Originally posted by Willisfn4life:Originally posted by Hoovtrain:Originally posted by NinerGM:What in the sam hell?
After three games, the 49ers' top pass rusher, Ahmad Brooks, has no sacks. Their second-best pass rusher, Aaron Lynch, has one sack. One of the problems is that the outside linebackers have more coverage duties than they did in Vic Fangio's defense. That is, they're not always rushing the passer.
Sometimes they even are being asked to cover slot receivers one on one, which Brooks had to do against Larry Fitzgerald in the first quarter. Obvious result: 14-yard gain by Fitzgerald and a Cardinals first down. On those plays, the 49ers typically bring an odd blitzer -- a safety or a cornerback. The problem the last two games is that those blitzers aren't getting to the quarterback before he sees the mismatch. To their credit the 49ers did less of this in the second half Sunday. Brooks was credited with one quarterback hit.
Read more here: http://www.sacbee.com/sports/nfl/san-francisco-49ers/article36920220.html#storylink=cpy
just further evidence that this guy is trying to be too cute with his schemes. this is freaking ridiculous. i am not a football mind by any means, but i literally have no idea what this guy is doing with this defense. you are blitzing your safeties and/or putting them up close to the line, further leaving the secondary exposed.....while having your 2 best pass rushers dropping into coverage and guarding slot guys. no wonder this guy gets canned everywhere he goes.
Can we just get away from the "cute" stuff and get back to football 101. That stuffed worked week one against a young qb but big Ben and Palmer tore right through this Mangini scheme. How about we play our safeties back and send our best two pass rushers after the qb. Like I said basic football 101. Mangini is starting to feel like the Greg Roman of defense.
It's true Mangini is using the OLBs to drop back in coverage more than Fangio, but it's not by much on per-snap basis.

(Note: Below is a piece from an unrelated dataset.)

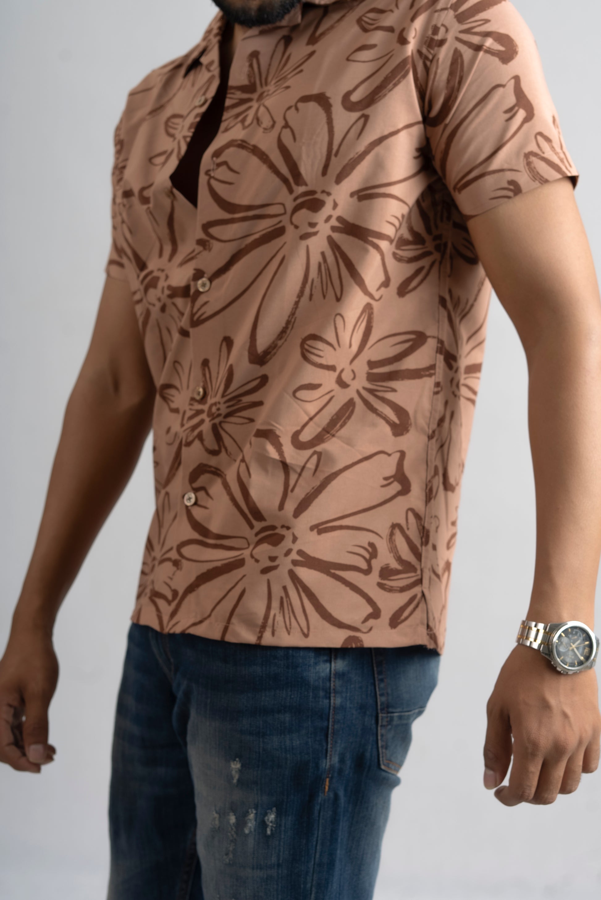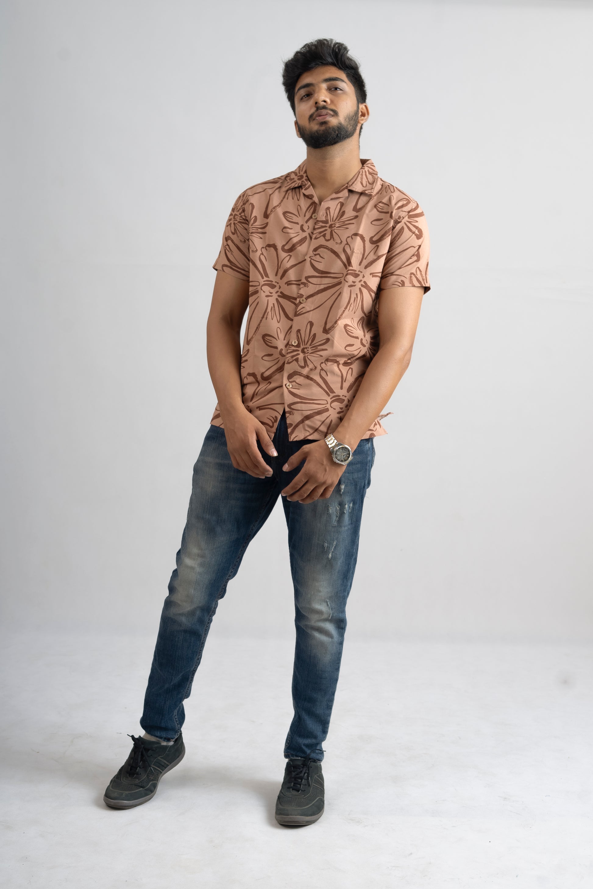 Embrace earthy vibes with this brown floral printed half-sleeve Cuban collar shirt. With its laid-back fit and vintage-inspired print, it's made for slow Sundays, coffee dates, and effortless cool. Subtle, stylish, and just the right amount of bold.
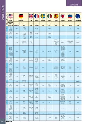 MATERIALS Material Group No. USER GUIDE USA Germany U.K. France Sweden Italy Spain Japan Russia EURONORM AISI/SAE/ UNS/ ASTM/AA Werkstoff DIN BS AFNOR SS UNI UNE JIS GOST EN 1074;31075;G10740;1.0614G10750C76D;C 76 D;D 75-2 XC 75 3 CD 75 75 C76D 3 1095;G10950 1.0618 C92D;C 92 D;D 95-295 HS;95 CSXC 90 3 CD 95 C92D 3 1086;G10860 1.0616 C86D;C 86 D;D 85-280 HS;80 CSXC 80 C 85;3 CD 85 C86D 30 Mn 5; 3 1.1165 G28Mn6; A 5;GS-30 Mn 5A6 AM 30 Mn 5;F.120.D;SCMn 2F.8211;27ChGSNMDTL;30GSL G28Mn6 F.8311 SG 365; K01700; SGV 410; K02001; SGV 450; K02200;3K02201;A 516 Gr.70;1.0481A 515 Gr. 70;P295GH;17Mn4;17 Mn 4224-469 BA 48 CP;A 48 AP2102 SGV 480;Fe 295A 47 RC I;SPV 315;RA IISG 37;SGV 42;14G2P295GH A 414 Gr.F; SGV 46; A 414 Gr.G SGV 49; SPV 32 1043; C 45; 3 1045;G10430; 1.0503 C45;C 45 080 M 46 AF 65;C 45; 1650 C 45;1 C 45 F.114 S 45 C;S 45 CM C45 G10450 1 C 45 1335; 1335 H; 1541;31541 H;G13350;1.1167 36Mn5;36 Mn 5 150 M 36 40 M 5;35 Mn 5 2120G15410; F. 1203-36 Mn 6;F. 8212-36 Mn 5SMn 438;SMn 438H;SCMn 335G2;35GL36Mn5 H13350; H15410 1045; 1045 H;31042;G10450;1.1191H10450;C45E;Ck 45 089 H 46;080 M 46C45RR;XC 45;XC 48 H 11672C 45 F.1140;F.1142;C 45 k;C 48 kS 45 C;S 45 CM;S 48 C45C45E G10420 3 1.1303 38MnVS6;38 MnVS 6 38MnVS6 4 1055;G10550 1.0535 C55 C54;070 M 55;1 C 55;En 9AF 70;1655C 55C 55;1 C 55 S 55 C;F.115S 55 C-CSP;S 55 CM55 C55 C50RR; 4 1055;G10550 1.1203 C55E;Ck 55 070 M 55;En 9 XC 54;XC 50;2 C 55;1655 C 55 F.1150;C 55 K S 55 C;S 55 C-CSP;S 55 CM55 C55E XC 55 H 1 S 58 C; 4 1060;G10600 1.0601 C60 060 A 62; C60;En 43 D1 C 60 C 60;1 C 60 S 60-C-CSP;S 60 CM;S 65 C-CSP;60;60GC60;43D S 65 CM 4 1070;G10700 1.1231 C67S;Ck 67 060 A 67;080 A 67;En 43 EC68RR;XC 681770 C 67 S 70 C-CSP; 65GA;S 70 CM68GAC67S 1074; 1075; 4 1078;G10700; 1.1248 C75S;Ck 75 060 A 78; C75RR;80XC 75 1774 C 75 S 75 CM 75A C75S G10750; G10780 4 1095;G10950 1.1274 C100S;Ck 101 95 C100RR;XC 100 1870 C 100 SK 95 -CSP C100S SK 120; W112;4W1; 1.1563T72301 C125U;C 125 W Y2 120;C120E3U C 120 KU F.5123;C 120 SK 120 M;SK 2;SK 2 M;U12-1 C125U TC 120 792 ISCAR

The problem is how he does it. He's sometimes trotting out base defense when teams go 3 or 4 wide instead of matching up with his Nickel or Dime defense. This often results in the linebackers at a severe disadvantage in coverage.
From what I can tell in 3 games, Mangini's defense seems genius in a perfect world where the chalk board rules, and every player executes his responsibility perfectly without fail. Football doesn't work that way. It's not a computer program, it's human beings running around in a chaotic environment. What happened to playing to players strengths, and putting them in positions to succeed?
Mangini is doing a terrible job IMO.